The backstory.

Trussell runs a national network of food banks backed by more than 36,000 volunteers. In the post-COVID years, demand skyrocketed. The organisation handed out almost 3 million emergency food parcels in 2022/23, a 37% rise in two years, and found itself running a stack of big projects at the same time: technology, fundraising, network development, and infrastructure. Each one had its own team, its own timeline, and its own way of reporting.

On paper, the governance was all there. They had a strategic plan, annual plans, and delivery reviews built to catch problems early. They operated like the perfect charity. And yet projects still stalled in ways that no one could explain. Project reviews would hint at progress, but weeks later, the reality was that the work was languishing on people’s desks.

The real problem.

The problem looked like inconsistency, because every team ran projects differently, used different formats, and had its own idea of what counted as a risk. The obvious fix is to refine processes, such as creating standard templates, maintaining a shared tracker, or agreeing on a reporting format that everyone signs up to.

But I’ve seen the flaws in this fix enough times to distrust it. You roll out a template, everyone gets used to it for a few weeks, and then crickets - everyone forgets or goes back to how they were doing things before. And that’s because the problem was never really that the information was badly formatted. No, the problem is that no one was responsible for keeping the project moving. 

So the real problem here isn’t about processes, it’s: 

Who is the person responsible for unblocking this work, and do they know it’s their job?

Trussell, though, got this right. And it had nothing to do with standardising processes. Trussell gave each project a sponsor, a named senior person whose job was to unblock work and make decisions that were stuck. 

It sounds so simple when put like that, but it’s oddly more complicated to do. The challenge lies in understanding the value of a sponsor. It’s for them to show up in small instances throughout a project, such as when an expenditure needs signing off, when a decision is stuck between two teams, each believing the other owns it, or when the only person who can say no is someone senior.

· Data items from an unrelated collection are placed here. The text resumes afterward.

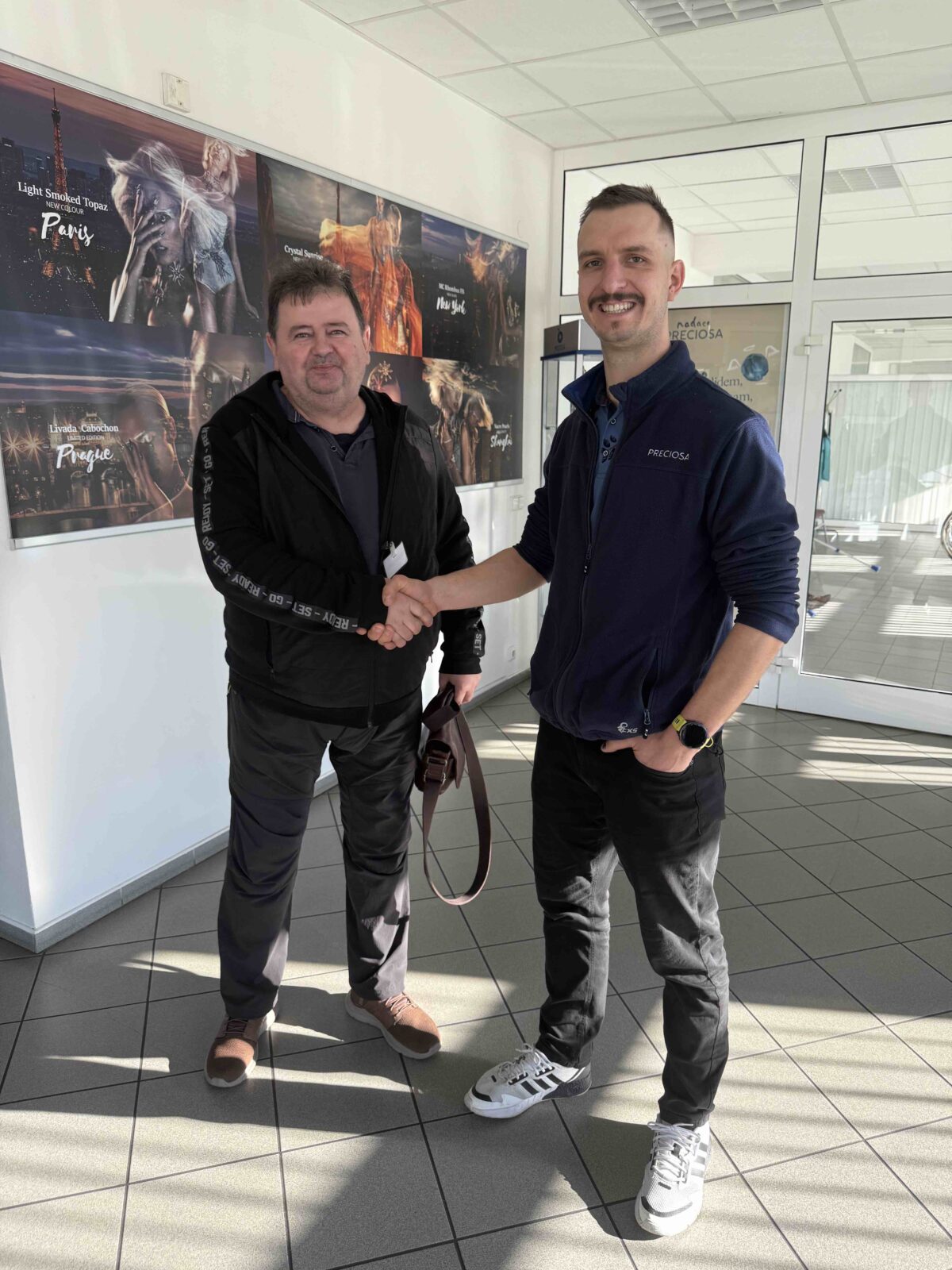 Včera navštívil výrobní závod PRECIOSA náš vedoucí učitel odborného výcviku pan Kadlec, a dnes jsme měli to potěšení přivítat zástupce společnosti v našich školních dílnách. Během návštěvy byl škole předán vybraný materiál pro praktickou výuku a také tři svěráky, které již nebyly ve firmě využívány a nyní najdou nové uplatnění v našich odborných učebnách. Tímto společnosti PRECIOSA děkujeme za podporu a vstřícnost.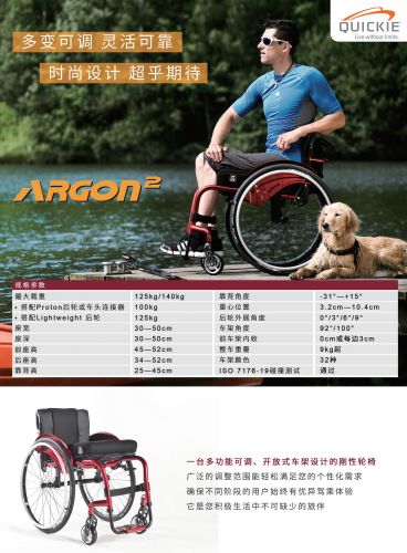 Argon2 是一臺多功能可調(diào)、開放式車架設(shè)計(jì)的剛性輪椅,廣泛的調(diào)整范圍能輕松滿足您的個(gè)性需求,確保不同階段的用戶始終有優(yōu)異的駕乘體驗(yàn),它是您積極生活不可缺少的旅伴。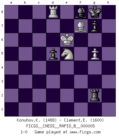 Last move : 1-0 2006 June 27 17:21:10 [Event "FICGS__CHESS__RAPID_B__000005"] [Site "FICGS"] [Date "2006.05.10"] [Round "1"] [White "Konuhov,Konstantin"] [Black "Clement,Etienne"] [Result "1-0"] [WhiteElo "1488"] [BlackElo "1600"] 1.d4 Nf6 2.Nc3 d5 3.Nf3 c6 4.e3 Bg4 5.h3 Bf5 6.Nh4 Bd7 7.Bd3 c5 8.O-O c4 9.Be2 e6 10.Nf3 Bb4 11.Bd2 Nc6 12.b3 cxb3 13.axb3 O-O 14.Bd3 a6 15.Na4 Be7 16.c4 Nb4 17.Bxb4 Bxb4 18.cxd5 exd5 19.Nc5 Bc8 20.Qc2 Qb6 21.Rfc1 Rd8 22.Ne5 h6 23.Na4 Qd6 24.Qc7 Qxc7 25.Rxc7 Bd6 26.Rc2 Rb8 27.Nc5 Re8 28.Rac1 Kf8 29.b4 Kg8 30.b5 a5 31.b6 Ra8 32.Bb5 Rf8 33.Ned3 Rd8 34.Ra2 Bf8 35.Rca1 Rd6 36.Rxa5 Rxa5 37.Rxa5 Rxb6 38.Na4 Rd6 39.Ra8 Bf5 40.Ne5 Bc2 41.Nc5 Nh7 42.Be8 Bg6 43.Nxb7 Re6 44.Nxg6 Rxg6 45.Nd8 Rf6 46.Ra7 Ng5 47.f4 Rd6 48.Nxf7 Re6 49.Bd7 Rxe3 50.Ne5 Re4 51.h4 Rxd4 52.hxg5 hxg5 53.Be6+ Kh7 54.fxg5 Rd1 55.Kh2 Re1 56.Bf5+ Kg8 57.Nf3 Bd6+ 58.Kh3 Re3 59.Bg6 Be7 60.Kg4 Bc5 61.Ra8+ Bf8 62.Kf5 Ra3 63.Rd8 Ra2 64.Ne5 Rf2+ 65.Ke6 Rxg2 66.Bf7+ 1-0 Queen's pawn game Kingside Castling by player White (move 8) Kingside Castling by player Black (move 13) 10 pieces endgame at move 65 : White KRBNP , Black KRBPP WHITE : King + 1 Rook 1 Bishop 1 Knight 1 Pawn BLACK : King + 1 Rook 1 Bishop 2 Pawns Player White won this chess game. Follow this game move after move (download)The Pawns are the soul of the game. (Francois Andre Danican Philidor) Wenn es im Universum noch irgendwo intelligente Lebewesen gibt, dann kennen sie Go. (Emanuel Lasker) El muchacho (en ese entonces un niño de 12 años llamado Anatoly Karpov) no tiene ni idea de lo que es el Ajedrez y no hay futuro en absoluto para el en esta profesión. (Mikhail Botvinnik) Mais l'homme est une créature légère et illogique : semblable au joueur d'échecs, il n'aime que le processus du but à atteindre, non le but lui-même. (Dostoïevsky) Before all elsed, be armed. (Niccolo Machiavelli)

In a small charity, this is even more challenging, as a project function often doesn’t exist. Ops managers are running projects and chasing decisions at the same time, which means the person flagging the blocker and the person who should clear it are the same exhausted human. 

Very early in my career, I ran an event for a client, leading a team of graduates to deliver the work. They’d bring me blockers, and I’d escalate them straight up to the client until, one day, the client asked me, quite bluntly, why I was bothering them. I’d assumed I needed their sign-off on anything beyond my immediate remit. They’d assumed the role came with the authority to decide - after all, what were they paying me for? But neither of us had said it out loud, which meant the team couldn’t get a decision, the project was stalling, and it turned out the blocker was me. And since? I’ve always agreed in advance where my authority starts and ends. 

However, there’s one way this can still trip you up even after you’ve named a sponsor, and it’s worth paying attention to: when a sponsor agrees to the role but then slides back into being someone who is kept up to date, not someone of action. The meeting where they were meant to remove blockers turns into one where everyone just describes their work. Everyone leaves informed, but nothing is decided. The early warning sign for this is easy to spot. If you’ve left two sponsor catch-ups in a row without a single decision made or a blocker cleared, the role has already drifted, whatever the project plan says.

Steal this.

What’s worth stealing from Trussell is a single recurring meeting, run by one rule.

To set it up, first name a sponsor for the work or project, the one person who is senior enough to clear blockers without having to ask anyone else. And if there isn’t anyone senior enough within the structure, get a sign-off so that the person has the authority to unblock. 

Then put a short, regular ‘sponsor drop-in’ meeting in the diary with them. Thirty to forty-five minutes. This structure allows the role to remain involved throughout the life of the project, so it’s not just a one-off, ad hoc catch-up that everyone’s forgotten by week three.

Lastly, give this meeting one rule: it’s for decisions and blockers and under no circumstances is it for status updates. Circulate updates beforehand so that time is not spent in the session describing what happened - the sponsor arrives already informed, and in the meeting, take the updates paper as read. The time in the meeting then goes where it should: on what’s stuck, and what the sponsor is going to do about it. 

It’s one rule, simple and complicated at the same time, but it’s what can help small charity teams to keep projects running.

Stuck projects don’t often need better plans. Sometimes, they just need someone who’s allowed to say yes. 

Case study source: The Management Centre.